EXERCISE DESCRIPTION
Pictures are not part of the copy; reproduce the remaining data exactly.

RAW DATA
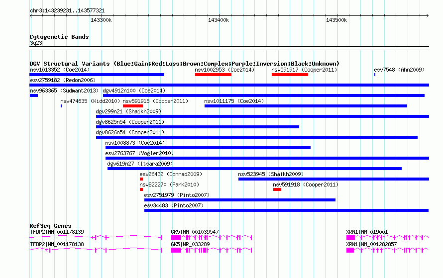 | | Variant Type | CNV gain | | Copy Number | | | Allele State | | | Allele Origin | | | Probe Count | | | Validation Flag | | | Merged Status | M | | Merged Variants | esv2759182 | | Supporting Variants | essv24627, essv24219 | | Samples | NA10846, NA12144 | | Known Genes | GK5, TFDP2, XRN1 | | Method | SNP array | | Analysis | The algorithm used to call CNVs using the 500K EA platform was developed to accurately define CNV regions using a large set of reference samples and is described in detail in a separate publication (Komura 2006). The algorithm contains three major parts: 1) Intensity pre-processing using an improved version of Genomic Imbalance Map (GIM) (Ishikawa et al. 2005), including probe selection, noise reduction, normalization, and intensity ratio adjustment based on affinity differences between alleles of a SNP, 2) CNV extraction, which identifies CNVs from all pair-wise comparisons using a modified SW-ARRAY, and 3) A copy number inference step which utilizes signal ratios and SNP information to more precisely define CNV boundaries and the copy number within each region. | | Platform | Affymetrix GeneChip Early Access Mapping 500K Set Array (250K_Nsp_SNP) | | Comments | | | Reference | Redon_et_al_2006 | | Pubmed ID | 17122850 | | Accession Number(s) | esv2757013
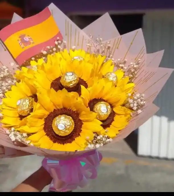 Contiene 8 Girasoles 8 chocolates Tarjeta personalizada
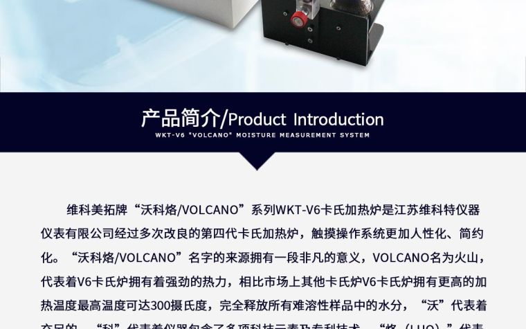 沃科烙/volcano名字的来源拥有一段非凡的意义,volcano名为火山,代表着V6卡式炉拥有着强劲的热力,相比市场上其他卡式炉V6卡式炉拥有更高的加热温度最高温度可达300摄氏度,完全释放所有难溶性样品中的水分,沃代表着充足的,科代表着仪器包含了多项科技元素及技术,烙(luo)代表着火山的热力,沃科烙/volcano是维科美拓人对卡式加热炉加热稳定、效率、高温的执着追求的体现!对不同样品的测定需求。
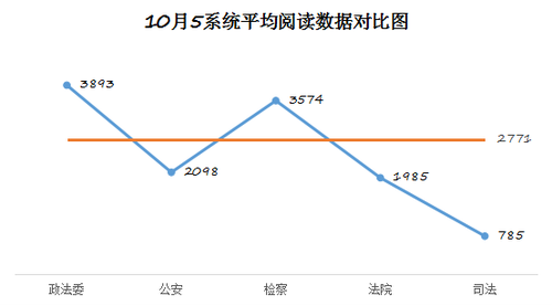 政法系统整体平均阅读量已连续下降两个月,本月为2,771次/篇,较上月降低了144次/篇。政法委系统所属头条号平均阅读量最高,达到3,893次/篇,较上月增长了262次/篇。司法系统平均阅读量最低,仅有785次/篇,但较上月降低了77次/篇。本月仅政法委系统头条号平均阅读量有所增长,其他四系统头条号平均阅读量均有不同程度的下降。5大系统中仅政法委和检察系统平均阅读量超过整体平均阅读量,具体数据见下图:

SOLUTION TO THE PROBLEM
 | | Variant Type | CNV gain | | Copy Number | | | Allele State | | | Allele Origin | | | Probe Count | | | Validation Flag | | | Merged Status | M | | Merged Variants | esv2759182 | | Supporting Variants | essv24627, essv24219 | | Samples | NA10846, NA12144 | | Known Genes | GK5, TFDP2, XRN1 | | Method | SNP array | | Analysis | The algorithm used to call CNVs using the 500K EA platform was developed to accurately define CNV regions using a large set of reference samples and is described in detail in a separate publication (Komura 2006). The algorithm contains three major parts: 1) Intensity pre-processing using an improved version of Genomic Imbalance Map (GIM) (Ishikawa et al. 2005), including probe selection, noise reduction, normalization, and intensity ratio adjustment based on affinity differences between alleles of a SNP, 2) CNV extraction, which identifies CNVs from all pair-wise comparisons using a modified SW-ARRAY, and 3) A copy number inference step which utilizes signal ratios and SNP information to more precisely define CNV boundaries and the copy number within each region. | | Platform | Affymetrix GeneChip Early Access Mapping 500K Set Array (250K_Nsp_SNP) | | Comments | | | Reference | Redon_et_al_2006 | | Pubmed ID | 17122850 | | Accession Number(s) | esv2757013
 Contiene 8 Girasoles 8 chocolates Tarjeta personalizada
 沃科烙/volcano名字的来源拥有一段非凡的意义,volcano名为火山,代表着V6卡式炉拥有着强劲的热力,相比市场上其他卡式炉V6卡式炉拥有更高的加热温度最高温度可达300摄氏度,完全释放所有难溶性样品中的水分,沃代表着充足的,科代表着仪器包含了多项科技元素及技术,烙(luo)代表着火山的热力,沃科烙/volcano是维科美拓人对卡式加热炉加热稳定、效率、高温的执着追求的体现!对不同样品的测定需求。
 政法系统整体平均阅读量已连续下降两个月,本月为2,771次/篇,较上月降低了144次/篇。政法委系统所属头条号平均阅读量最高,达到3,893次/篇,较上月增长了262次/篇。司法系统平均阅读量最低,仅有785次/篇,但较上月降低了77次/篇。本月仅政法委系统头条号平均阅读量有所增长,其他四系统头条号平均阅读量均有不同程度的下降。5大系统中仅政法委和检察系统平均阅读量超过整体平均阅读量,具体数据见下图:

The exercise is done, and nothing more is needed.